Unless the tool is wrong, but I think it was generally marketed as a reliable source. In which case maybe someone can recommend a reliable one to test the vulnerability.
Tools usually just check CPUID and system configuration and don't actually test vulnerabilities. And not necessarily interpreting everything correctly. You can do that without running anything, just checking your OS updates and whether your CPU is out-of-order one, i.e. with speculative execution. N270 isn't and therefore isn't vulnerable.
If you want to truly test speculative vulnerabilities, compile this program: https://github.com/Eugnis/spectre-attack (EDIT: although this one probably won't work on N270, since it uses rdtscp, that it doesn't have, need to find version with just rdtsc)
No, the Xeon Phi "accelerators" are usable too, they are basically 486 cores on modern litography (to allow for higher density/clock speeds), with a vector unit attached to them. I don't know how hard it would be to boot linux on one though...

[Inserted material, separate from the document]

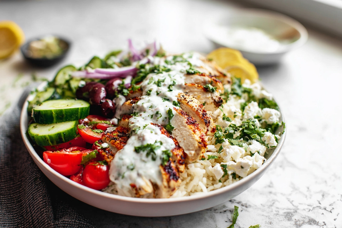 Slice the chicken across the grain and lay it on top while it’s still warm. Spoon the tzatziki on last so it stays cold and creamy, then finish with a light drizzle of olive oil and lemon juice if you want extra brightness. These bowls are complete on their own, but they pair especially well with something crisp on the side—think roasted potatoes or warm pita—to soak up whatever’s left behind.

This host system should be not much more than a PCIe root emulator though. This is the level one can get on an e.g. FPGA with custom logic, which implies that any attempts to insert hardware/firmware level attacks into the actual logic you care about is near impossible to do due to the low-level nature of the custom PCIe implementation.
So if you're using an Intel CPU today you'll just have to pick your poison.